* What is expected *
Using the listing below, output only the lines from the one that contains "In the second" through the one that contains "3. 如图8,点$D在AB$上,点$E在AC$上,$AB = AC$,$\angle", inclusive, exactly as given and without images.

* Supplied data *
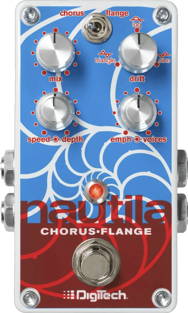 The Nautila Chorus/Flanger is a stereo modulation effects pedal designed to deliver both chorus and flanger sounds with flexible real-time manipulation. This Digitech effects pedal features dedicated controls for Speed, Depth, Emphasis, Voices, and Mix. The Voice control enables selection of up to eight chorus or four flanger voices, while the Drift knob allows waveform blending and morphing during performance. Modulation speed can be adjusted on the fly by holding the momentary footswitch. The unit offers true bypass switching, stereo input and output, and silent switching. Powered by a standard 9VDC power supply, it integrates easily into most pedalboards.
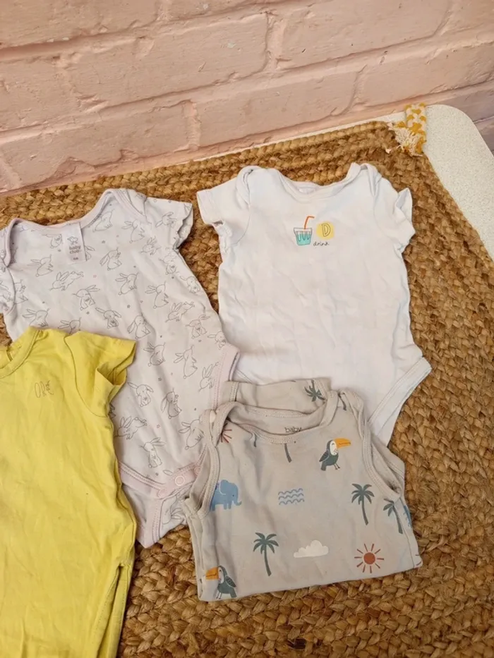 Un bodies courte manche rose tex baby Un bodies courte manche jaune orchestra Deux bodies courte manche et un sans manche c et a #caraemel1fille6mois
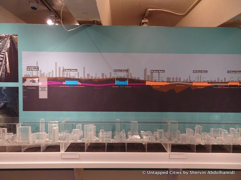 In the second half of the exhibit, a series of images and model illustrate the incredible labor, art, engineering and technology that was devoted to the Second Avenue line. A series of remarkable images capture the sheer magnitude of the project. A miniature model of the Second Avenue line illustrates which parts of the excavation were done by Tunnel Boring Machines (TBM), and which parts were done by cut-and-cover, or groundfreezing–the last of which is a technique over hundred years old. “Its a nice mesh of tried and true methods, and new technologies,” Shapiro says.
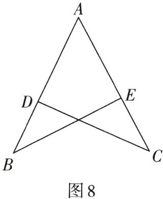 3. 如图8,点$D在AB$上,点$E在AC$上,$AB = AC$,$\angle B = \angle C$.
--
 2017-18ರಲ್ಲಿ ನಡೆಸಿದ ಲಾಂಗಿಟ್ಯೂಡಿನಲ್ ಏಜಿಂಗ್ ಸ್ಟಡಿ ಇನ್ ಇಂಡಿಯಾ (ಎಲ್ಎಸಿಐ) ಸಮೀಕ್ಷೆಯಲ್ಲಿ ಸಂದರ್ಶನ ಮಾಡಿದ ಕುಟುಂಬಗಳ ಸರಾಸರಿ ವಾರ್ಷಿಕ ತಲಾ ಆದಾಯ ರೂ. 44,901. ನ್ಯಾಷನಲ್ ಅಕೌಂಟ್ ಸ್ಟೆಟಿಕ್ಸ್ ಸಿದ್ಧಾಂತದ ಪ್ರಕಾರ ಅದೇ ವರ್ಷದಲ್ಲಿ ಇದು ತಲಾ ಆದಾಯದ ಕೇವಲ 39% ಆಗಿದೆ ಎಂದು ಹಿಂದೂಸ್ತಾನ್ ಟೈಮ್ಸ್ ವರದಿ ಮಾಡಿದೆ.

* Result *
 In the second half of the exhibit, a series of images and model illustrate the incredible labor, art, engineering and technology that was devoted to the Second Avenue line. A series of remarkable images capture the sheer magnitude of the project. A miniature model of the Second Avenue line illustrates which parts of the excavation were done by Tunnel Boring Machines (TBM), and which parts were done by cut-and-cover, or groundfreezing–the last of which is a technique over hundred years old. “Its a nice mesh of tried and true methods, and new technologies,” Shapiro says.
 3. 如图8,点$D在AB$上,点$E在AC$上,$AB = AC$,$\angle B = \angle C$.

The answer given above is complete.